Statues, wildlife figures and, in one case, a copy of Jasper Johns' 1960 metallic collage "Flag," are turning up for sale in stores, garden centers and other outlets without the approval of the artists who originally created them, and sometimes at top-end prices.

American sculptors say they are losing income and spending tens of thousands of dollars in legal expenses trying to track down and stop the knock-offs, often with little success. Many of the forgeries come from foundries in Asia, while advances in digital scanning and photography are making copycat sculptures even easier to create.

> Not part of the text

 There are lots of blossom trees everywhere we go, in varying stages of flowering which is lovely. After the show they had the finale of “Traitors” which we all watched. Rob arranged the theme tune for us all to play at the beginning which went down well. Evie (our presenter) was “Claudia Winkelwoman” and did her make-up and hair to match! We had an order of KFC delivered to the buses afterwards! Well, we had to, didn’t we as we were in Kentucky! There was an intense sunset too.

Art crime police say it is difficult to estimate the scale of the trade in fakes.
"There is a significant problem of knock-offs in all areas of the art world," Robert K. Wittman, retired founder of the FBI's Art Crime Team.

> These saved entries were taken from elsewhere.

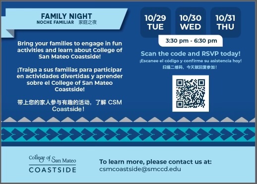 Join us for College of San Mateo Coastside Family Night on October 29th, October 30th and October 31st from 3:30 to 6:30 pm.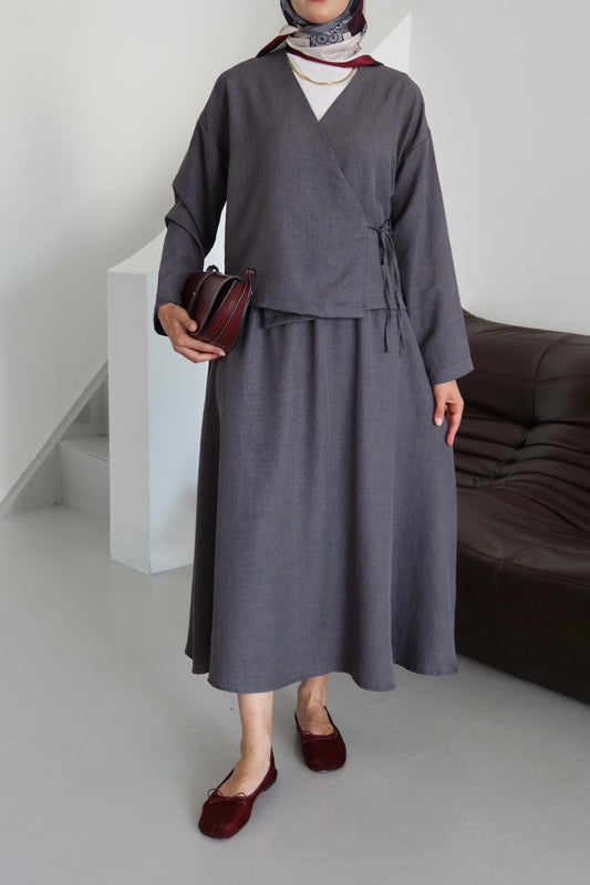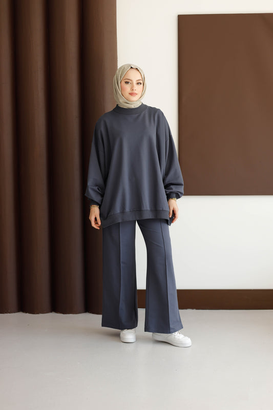 Esnek Ve Yumuşak Dokulu Oysh Tesettür Takım - Antrasit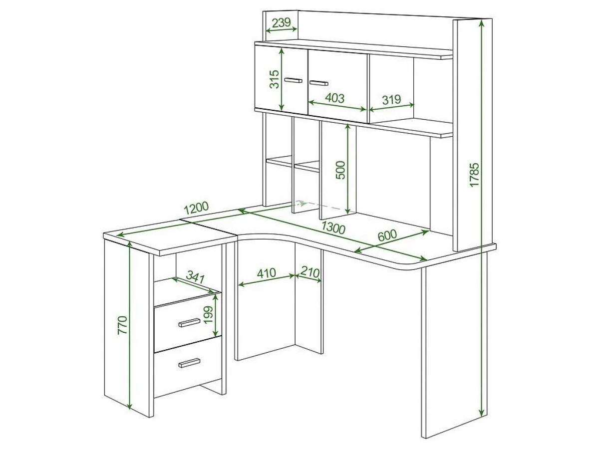 2 дверцы,4 полки,, тумбочка:1 полка,2 ящика. Купить Стол компьютерный Домино Lite СКЛ-Угл130+НКЛХ-130 вы можете на нашем сайте за 16990 руб.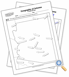 This page creates human geography maps of Arizona. You can select from several presentation options, including the map’s context and legend options. Black and white is usually the best for black toner laser printers and photocopiers. This allows to you configure the way Arizona is presented so that you can use the map for exactly what you need it for - as a reference, a quiz or something for students to annotate while doing research.

He cited an Interpol statistic of $6 billion in annual art crimes around the world, of which the majority are forgeries. Unauthorized sculpture castings are classified by the FBI and Interpol as forgeries.

Eli Hopkins, business manager for his father, Colorado-based wildlife sculptor Mark Hopkins, said he found fiberglass copies of his father's bronzes in a Hobby Lobby arts and crafts store selling for one-tenth the price of the originals.

"I used to get catalogues of decorations just to look for copycats, but I just stopped after a while," Hopkins told Reuters. "I got too stressed out finding things and then finding out that I couldn't do anything to stop it."

Over the years, he and his father, whose work has been collected by McDonnell Douglas Corp and former President Bill Clinton, among others, have spent more than $75,000 in legal expenses, hiring lawyers to write cease-and-desist letters, occasionally going to court and only sometimes meeting with success.

"You try to get the judge to award legal fees but that doesn't always happen," he said. The real culprits, Hopkins said, are foundries in China and Thailand that produce knock-offs and who appear to be outside the reach of the law.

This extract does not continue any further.